For cybersecurity defenders, the framework offers practical tools: a method to assess gaps in threat coverage, prioritize targeted mitigations, and conduct AI-enabled adversary emulation for red teaming. By mapping AI capabilities to specific attack phases, organizations can focus resources on high-risk areas, such as improving detection of stealthy command-and-control channels or countering AI-generated phishing lures.

Looking Ahead to AGI Security

As AI progresses toward AGI, the researchers anticipate a significant evolution in cyberattack capabilities, potentially collapsing the costs of previously resource-intensive stages like zero-day vulnerability discovery. Their framework is designed to adapt to this shifting landscape, providing a scalable resource for defenders to stay ahead of AI-enabled adversaries.

“This is the most comprehensive AI cyber risk evaluation framework published to date,” the authors assert, emphasizing its role in bridging the gap between identifying risks and deploying effective defenses.
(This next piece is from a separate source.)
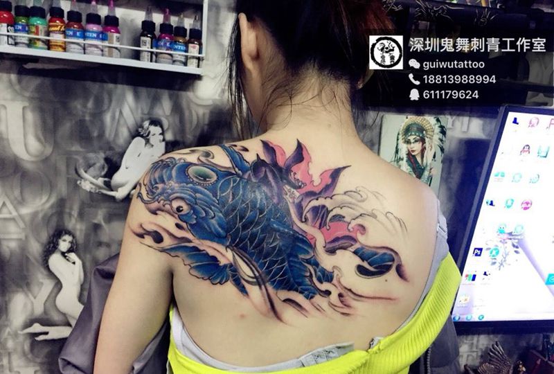当前位置: 首页 >广东省深圳市纹身店-深圳鬼舞刺青工作室纹身图案>鲤鱼遮盖纹身图片

They call for a community-wide effort to implement robust safeguards, from model-level safety fine-tuning to evolving defensive tactics that account for AI-driven changes in adversary behavior.

With cybersecurity increasingly intertwined with AI innovation, Google DeepMind’s work signals a proactive step toward securing the digital future—one where the promise of AI is balanced against its perils.